A multi-core processor system includes a first processor that among cores of the multi-core processor, identifies other cores having a cache miss-hit rate lower than that of a given core storing a specific program in a cache, based on a task information volume of each core; a control circuit that migrates the specific program from the cache of the given core to a cache of the identified core; and a second processor that, after the specific program is migrated to the cache of the identified core, sets as a write-inhibit area, an area that is of the cache of the identified core and to which the specific program is stored.

Description

    CROSS REFERENCE TO RELATED APPLICATIONS
  • This application is a continuation application of International Application PCT/JP2010/059875, filed on Jun. 10, 2010 and designating the U.S., the entire contents of which are incorporated herein by reference.
  • FIELD
  • The embodiment discussed herein relates to a multi-core processor system, a control program, and a control method that control task allocation.
  • BACKGROUND
  • Conventionally, a central processing unit (CPU) has a cache, which stores frequently used data and executable code of a frequently executed program (see, e.g., Japanese Laid-Open Patent Publication No. 2004-192403). The frequently used data is, for example, the data referred to a number of times within the program being executed. The frequently executed program is, for example, the program of several steps to be executed at certain time intervals (hereinafter referred to as “periodically executed program”).
  • In a multi-core processor system, a technology is known that, when a task whose execution is interrupted is re-executed, performs scheduling of the task to the same CPU that was executing the task before the interruption (see, e.g., Japanese Laid-Open Patent Publication No. H08-30562). This can reduce cache misses. Further, in a multi-core processor system having local memories, a technology is known of determining which local memory is to be tied to which task depending on the degree of effective utilization of the local memory (see, e.g., Japanese Laid-Open Patent Publication No. H04-338837), enabling an increase of the overhead due to data transfer to be prevented.
  • When data load increases, however, much of the data and the executable code of the programs stored in the cache are cleared. For example, in the multi-core processor system not having local memory, when a task of performing much input/output (I/O) processing is allocated to given CPU, the data load from a shared memory increases. When given CPU executes many tasks, instructions stored in an instruction cache are frequently cleared from the cache.

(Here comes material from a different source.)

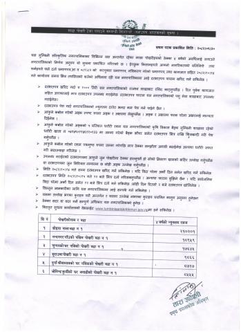 माछा पोखरी ठेक्का लगाउने सम्बन्धी शिलबन्दी दरभाउपत्र आव्हानको सूचना ।

  • When a periodically executed program is allocated to the same CPU to which the task of a large instruction code size is allocated or that executes many tasks, there has been a problem of an increased probability of the executable code of the periodically executed program being cleared from the cache. Namely, there has been a problem of an increase in the number of times the CPU reloads the executable code of the frequently executed program from the shared memory to the cache.

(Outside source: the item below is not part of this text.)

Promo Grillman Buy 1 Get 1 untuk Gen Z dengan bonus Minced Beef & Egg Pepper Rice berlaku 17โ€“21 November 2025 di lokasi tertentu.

  • Since the time for a CPU to read out the executable code from the shared memory is longer than the time for the CPU to read out the executable code from the cache, there has been a problem of an increase in the overhead when the CPU executes the executable code without reloading the executable code to the cache.
  • Thus, the executable code can be prevented from being cleared from the cache, for example, by locking such a area of the cache in which the executable code of the frequently executed program is stored. If another task allocated to the CPU that executes the periodically executed program is a task of a large cache miss, however, the area of the cache usable by the other task is reduced and therefore, the cache miss of the other task increases. As a result, there has been a problem of reduced efficiency of the CPU.
  • SUMMARY
  • According to an aspect of an embodiment, a multi-core processor system includes a first processor that among cores of the multi-core processor, identifies other cores having a cache miss-hit rate lower than that of a given core storing a specific program in a cache, based on a task information volume of each core; a control circuit that migrates the specific program from the cache of the given core to a cache of the identified core; and a second processor that, after the specific program is migrated to the cache of the identified core, sets as a write-inhibit area, an area that is of the cache of the identified core and to which the specific program is stored.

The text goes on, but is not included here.